Aim of the task: Find "Caña de pescar" below and begin at its line; stop after the line with "(0) | 2025.11.30 |". Output those lines exactly, without pictures.
---------- Dataset records
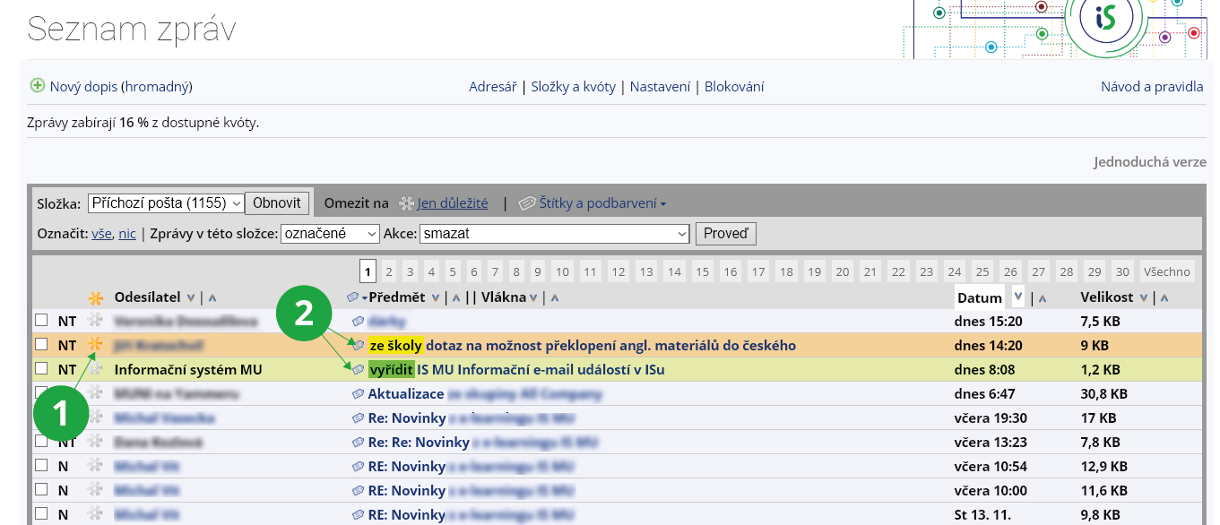 - Uživatel dopis dosud neviděl. V seznamu zpráv je zvýrazněna tučným písmem.
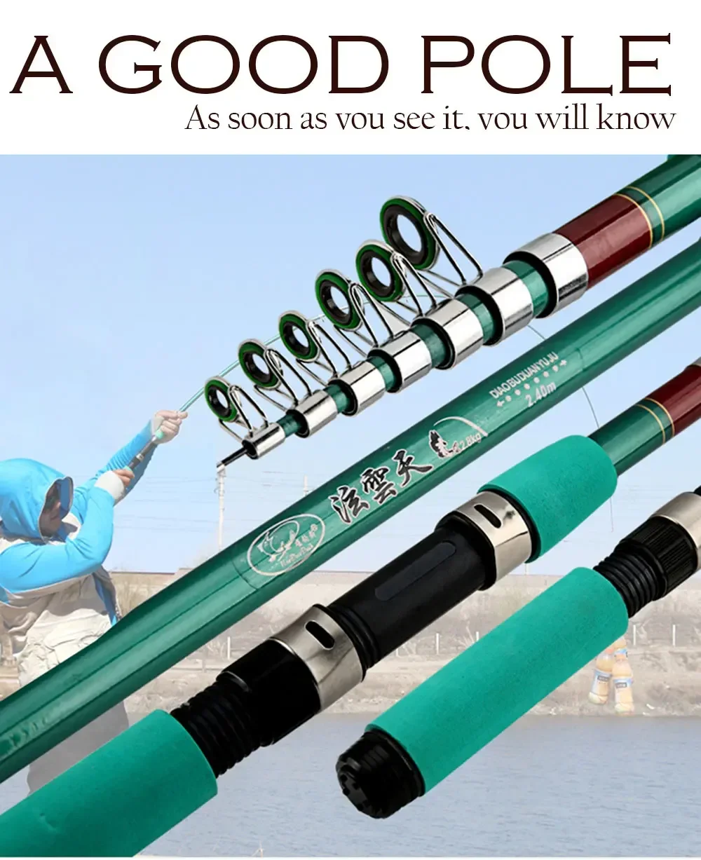 Caña de pescar telescópica súper corta, fácil de transportar.
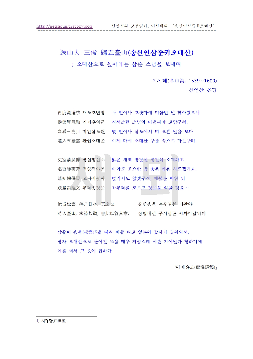 | 이산해의 한시 '송산인혜구환산(送山人惠球還山)' 원문과 풀이 (0) | 2025.11.30 |
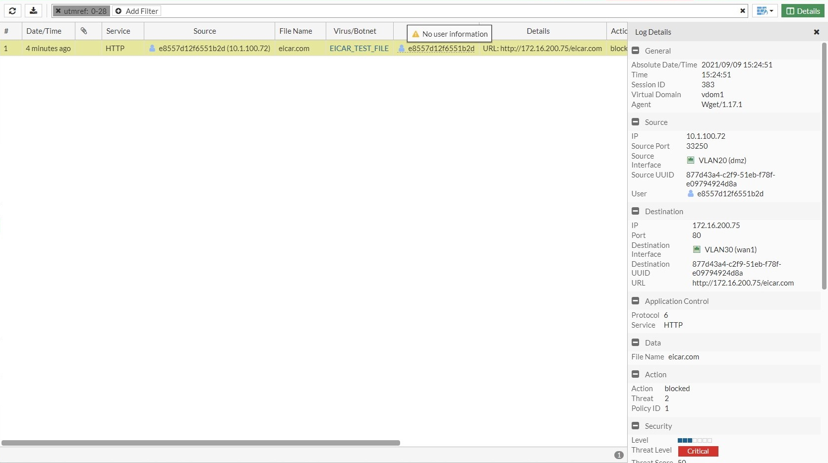 date=2021-09-09 time=15:24:51 eventtime=1631226291945007723 tz="-0700" logid="0211008192" type="utm" subtype="virus" eventtype="infected" level="warning" vd="vdom1" policyid=1 msg="File is infected." action="blocked" service="HTTP" sessionid=383 srcip=10.1.100.72 dstip=172.16.200.75 srcport=33250 dstport=80 srcintf="dmz" srcintfrole="undefined" dstintf="wan1" dstintfrole="undefined" srcuuid="877d43a4-c2f9-51eb-f78f-e09794924d8a" dstuuid="877d43a4-c2f9-51eb-f78f-e09794924d8a" proto=6 direction="incoming" filename="eicar.com" quarskip="File-was-not-quarantined" virus="EICAR_TEST_FILE" viruscat="Virus" dtype="av-engine" ref="http://www.fortinet.com/ve?vn=EICAR_TEST_FILE" virusid=2172 url="http://172.16.200.75/eicar.com" profile="g-default" user="e8557d12f6551b2d" dstuser="e8557d12f6551b2d" agent="Wget/1.17.1" analyticssubmit="false" crscore=50 craction=2 crlevel="critical"
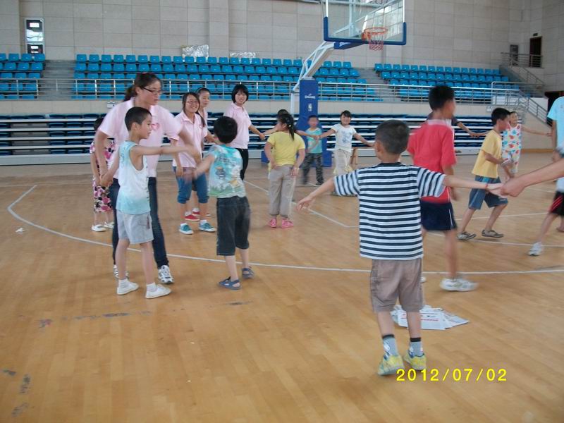 因天气炎热,主要带同学们参观了我校的体育馆,看到木地板的篮球馆、塑胶跑道的室内田径馆、pu质地的羽毛球馆、排球馆以及齐备的健身器材,孩子们兴奋不已。参观完体育馆后,在服务队志愿者的带领下,同学们还进行了“猫和老鼠”和“无敌风火轮”两项素质拓展游戏。在“猫和老鼠”游戏中,要求各位同学在游戏过程中要明确自己的位置,同时遇事要灵活多变。而“无敌风火轮”游戏的主要意义在于培养同学们的全局意识,培养系统思考、计划和组织能力,认识到团队合作的意义,让同学们在生活中学会竞争与合作,学会理解与总结。
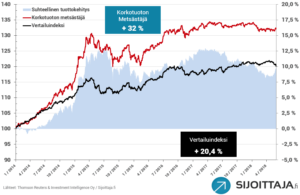 Korkotuoton Metsästäjä jäi toukokuussa nollille ja vertailuindeksi laski -1,0 %. Vuoden alusta Korkotuoton metsästäjä on laskenut 1,2 % ja vertailuindeksi on laskenut 0,4 %. Vuonna 2017 Korkotuoton metsästäjä tuotti 1,6 % ja vertailuindeksi 2,2 %. Korkosalkkumme tavoittelee n. 4 %:n vuotuista tuottoa kaikissa markkinatilanteissa. Vuosina 2014-2016 mallisalkun tuotto on vaihdellut noin 6-16 % välillä.
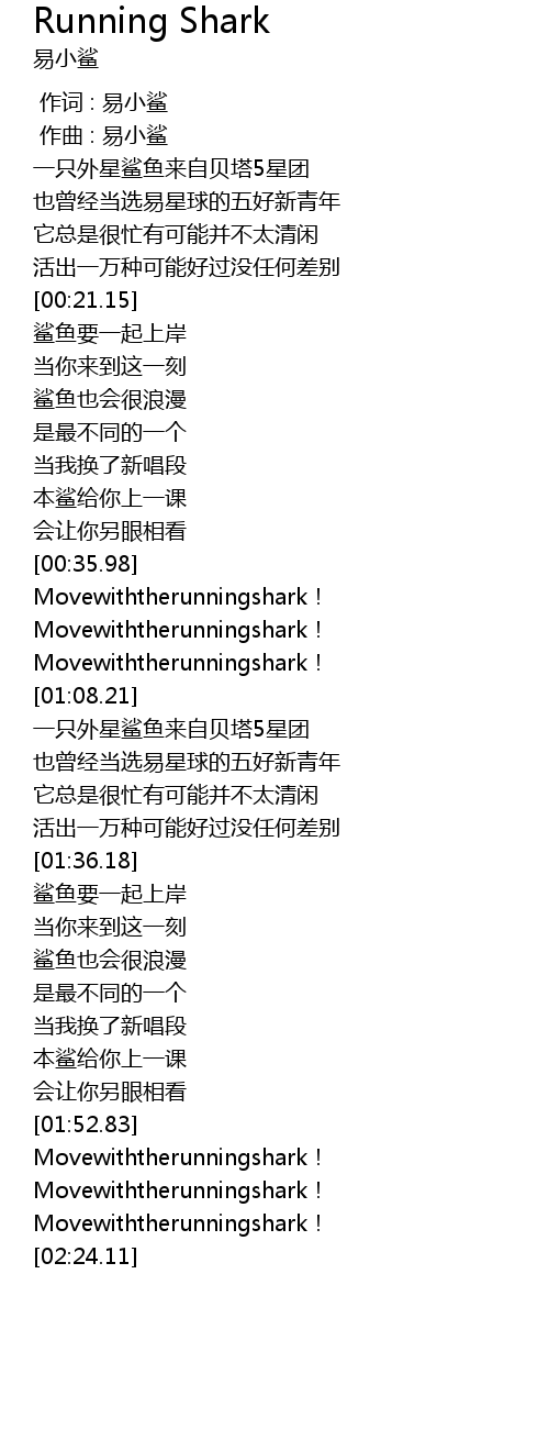| [02:22.72] | Movewiththerunningshark! |
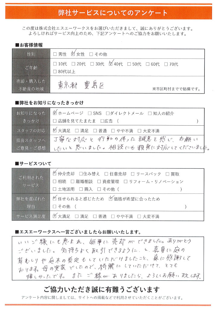| 地域 | 豊島区 | 建物種別 | 戸建て | 職業 | 会社員 |
--------------------
Exercise result:
 Caña de pescar telescópica súper corta, fácil de transportar.
 | 이산해의 한시 '송산인혜구환산(送山人惠球還山)' 원문과 풀이 (0) | 2025.11.30 |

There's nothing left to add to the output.